Until recently, the role of LIPIN2 in inflammation was unknown, however, two groups recently reported findings that demonstrate the importance of LIPIN2 in inflammation(40, 41). LIPIN2 is a phosphatidic acid phosphatase (PAP) that plays an important role in triglyceride synthesis and dephosphorylation of phosphatidic acid (PA) to generate diacylglycerol (34, 4244). Despite its critical role in fat metabolism, the role of LIPIN2 in inflammation remained obscure. In 2012, Valdearcos et al. studied the role of lipin2 in the inflammatory response to excessive saturated fatty acids using human and murine macrophages (40). They found increased expression of pro-inflammatory cytokine genes (including tnf and Il6) in monocytes that under-express lpin2 and decreased proinflammatory cytokine gene expression in cells that overexpressed Lpin2 when exposed to high levels of saturated fatty acids in vitro (40). In 2016, they expanded on the mechanism that LIPIN2 plays in inflammation, reporting that not only did LIPIN2-deficient human macrophages produce higher amounts of TNF mRNA but also produced higher amounts of Il1b mRNA and biologically active IL-1β (41). They demonstrated that bone marrow derived macrophages (BMDM) from Lpin2 deficient mice increased the release of mature Caspase-1 after inflammasome activation (41). Further, they demonstrate that the Lipin2-deficient BMDM have increased ASC oligomerization and inflammasome assembly with subsequent increase IL-1β production (41). Lipin2-supression of NLRP3 inflammasome activation occurs upstream by altering intracellular K+ levels and membrane permeability during P2×7R activation(41). Taken together, Lorden et al.’s work demonstrates that Lipin2 reduces ATP-promoted K+ efflux that leads to downstream IL-1β production, as well as P2×7R pore formation, during classical Nlrp3 inflammasome activation (41). These findings confirm that Majeed syndrome is an autoinflammatory disease and is more specifically an NLRP3 inflammasomopathy. This provides additional support for the use of IL-1β blockers in the treatment of Majeed syndrome.

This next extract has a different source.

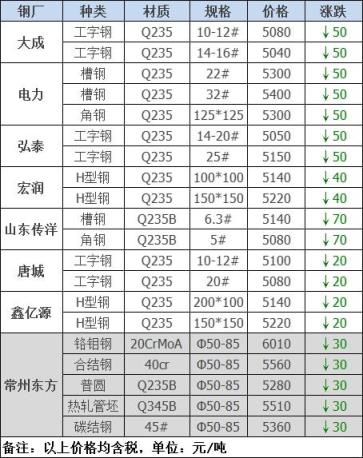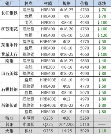 25日12:00起江陰西城刨花類下調50-60,其他不變,調后:精爐料4000重廢3890中廢3830普通爐料3770鋼筋頭4000沖子3890-3940冷熱軋料3790-3890爐料壓塊3600鐵皮壓塊3300鋼刨花3600數控刨花3510普通刨花3420刨花壓塊3360刨花長絲3310含稅單位:元/噸。

Murine chronic multifocal osteomyelitis (cmo) and the microbiome

The cmo mouse develops sterile osteomyelitis due to recessive mutations in Pstpip2 which encodes proline-serine-threonine phosphatase interacting protein -2 (Pstpip2 or PPIP2) (25, 26). Pstpip2 deficient mice develop sterile osteomyelitis with 100% penetrance with majority being affected by 8 to 12 weeks of age (25, 26). The disease in the cmo mouse is hematopoietically driven and occurs independent of a functional adaptive immune system (45). Our group and others demonstrated that disease in the cmo mice is an IL-1 dependent disorder and that it is IL-1β (not IL-1α) mediated using double mutant mice (46, 47). Despite being IL-1β dependent, the disease in cmo mice can occur independent of a functional Nlrp3 inflammasome as cmo mice that are also deficient in either Nlrp3, ASC or caspase-1 continue to develop osteomyelitis (46, 47). However, others suggest that caspase-1 and caspase-8 may play a redundant role in the processing of IL-1β in the cmo model (47), and cmo mice that are deficient in both caspase-1 and caspase-8 are partially protected from disease (48). Furthermore, Nlrp3 may be playing a redundant role with caspase 8 in osteomyelitis in the cmo model because cmo mice that are deficient in Nlrp3, Ripk3 and caspase-8 (cmo.Nlrp3−/−.Ripk3−/−.caspase8−/−) are also partially protected from disease (48).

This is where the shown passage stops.